Ils veulent porter la voix de la société civile syrienne dans les décisions touchant à l’avenir d’un pays aujourd’hui dévasté.

« Notre vision est de créer un mouvement civil syrien uni par des valeurs communes d’égalité, de respect des droits humains, de démocratie, et une Syrie libérée de toutes formes d’influence », a lancé à la tribune son initiateur, un riche homme d’affaires britannique d’origine syrienne, Ayman Asfari, déjà à la tête d’une fondation caritative.

« Notre voulons avoir une voix forte dans le processus politique et notre objectif est de reconstruire un nouveau contrat social » a-t-il expliqué à l’AFP, assurant que l’objectif n’était pas de se substituer à l’opposition syrienne.

Refus de la normalisation 

« Nous ne voulons pas remplacer l’opposition, ni détruire le peu qu’il en reste, mais travailler avec elle », a-t-il souligné.

Le processus politique est néanmoins au point mort depuis des années, les négociations sous égide de l’ONU ayant échoué à Genève.

Minée par ses divisions, l’opposition est réduite à peau de chagrin.

La guerre en Syrie, commencée en 2011 avec un soulèvement populaire férocement réprimé dans le sang par le régime el-Assad, a ensuite mué en conflit multiforme, la Russie et l’Iran se portant au secours d’el-Assad, les Occidentaux intervenant pour lutter contre les jihadistes de l’État islamique, tandis que la Turquie s’impliquait également dans la crise.

La guerre a fait au moins 500 000 morts selon l’ONU, 7 millions de réfugiés, des centaines de milliers de disparus ou détenus, et créé un pays morcelé.

Le régime du dictateur syrien a pourtant été récemment réhabilité sur la scène régionale, en réintégrant en mai la Ligue arabe dont il avait été exclu par ses pairs au début de la guerre.

Le président syrien Bashar el-Assad présidant ses délégations lors du sommet de la Ligue arabe de Jeddah, en Arabie saoudite, le 19 mai 2023. (Crédit : Saudi Press Agency via AP)

« La communauté internationale doit comprendre que nous n’allons pas accepter cette réhabilitation, et que nous croyons toujours aux valeurs de la révolution syrienne », a déclaré Asfari. « Nous ne pouvons pas effacer d’un trait de plume les morts, les réfugiés, les détenus », a-t-il ajouté.

Justice

« Je ne vais pas normaliser avec el-Assad, je ne vais pas me taire, je continuerai jusqu’à ce que je sache la vérité », a lancé, comme en écho, Kholoud Helmi, représentante d’une association de familles de disparus, sans nouvelles depuis des années de son jeune frère arrêté par le régime.

« Ne pas savoir s’il est vivant ou mort, c’est insupportable », a-t-elle raconté, en larmes, lors d’une table ronde consacrée à la lutte contre l’impunité.

Le représentant des Casques blancs, ces sauveteurs civils qui documentent le conflit depuis plus de 10 ans, a pour sa part lancé un vibrant plaidoyer contre l’impunité.

« Nous ne sommes pas seulement des sauveteurs, nous sommes aussi des victimes – 300 membres de mon équipe ont été tués depuis le début de la guerre – et des témoins.
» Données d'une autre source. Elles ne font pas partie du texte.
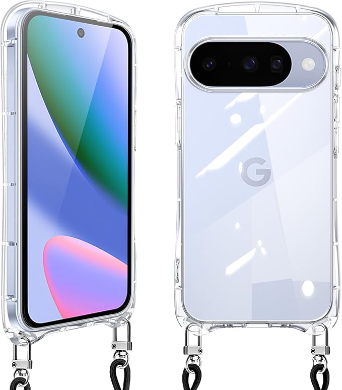 Google Pixel 10/10 Pro ケース ショルダー クリア ピクセル10/10Pro スマホケース カバー 全透明 耐衝撃 肩掛け 首掛け 可愛い かわいい 韓国 透明 TPU 長さ調整可能 取り外し可能(クリア)

Les cameras installées sur nos casques sont devenues les yeux qui documentent comment les Syriens sont tués chaque jour », a déclaré Farouq Habib.

Tous les intervenants ont insisté sur leur volonté de faire entendre leurs voix dans toutes les décisions concernant leur pays, qu’il s’agisse du retour des réfugiés que la Turquie veut organiser, ou de l’accès de l’aide humanitaire dans les zones rebelles.
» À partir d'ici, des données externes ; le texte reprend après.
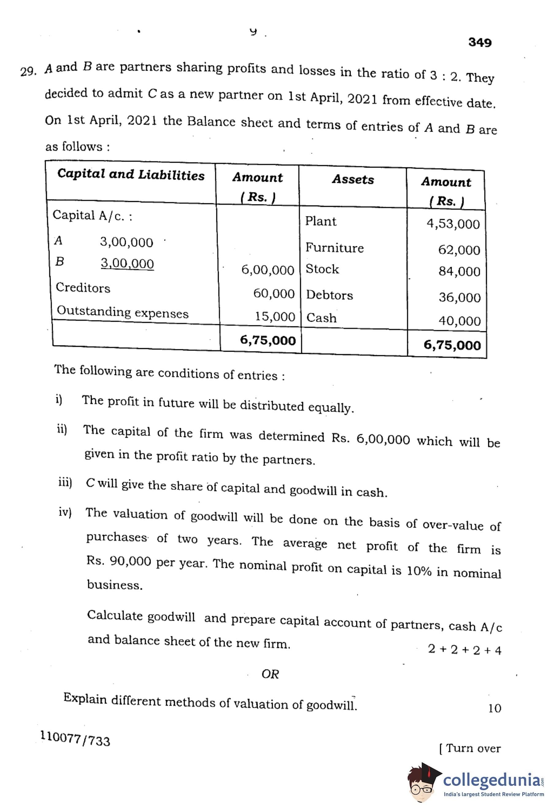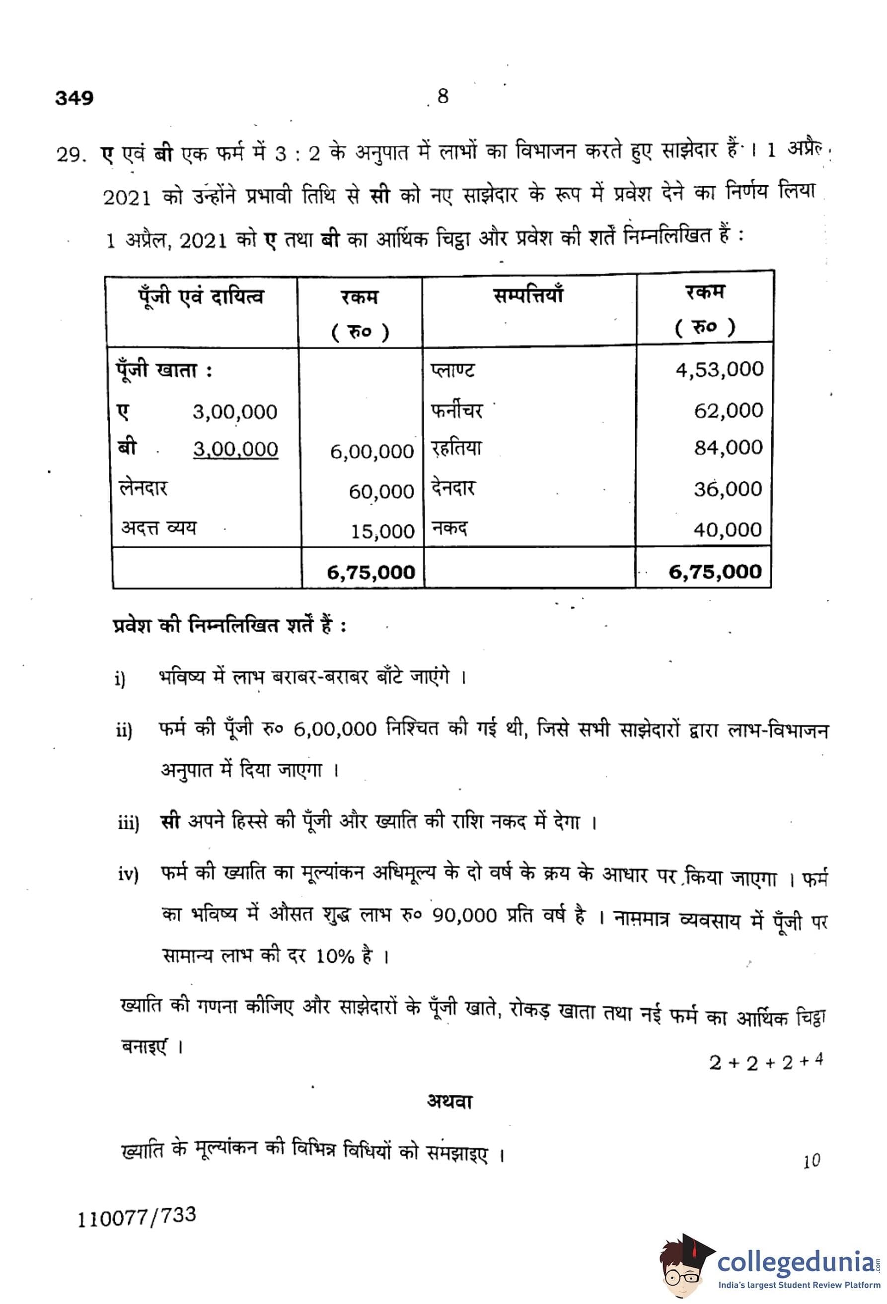 UP Board Class 12 Accountancy (Code 349) Question Paper 2023 with Solutions PDF

Michel Chamas, responsable d’une association travaillant à constituer des dossiers pour la justice, a lui lancé deux messages à la communauté internationale. « Vous nous avez donné beaucoup d’argent, mais vous avez détourné les yeux, vous n’avez pas eu la volonté politique, et vous nous avez laissés devenir la proie des Russes et des Iraniens. »

Et aux Syriens en Syrie : « Faites attention à vous, restez sains et saufs. Et surtout, conservez votre humanité ».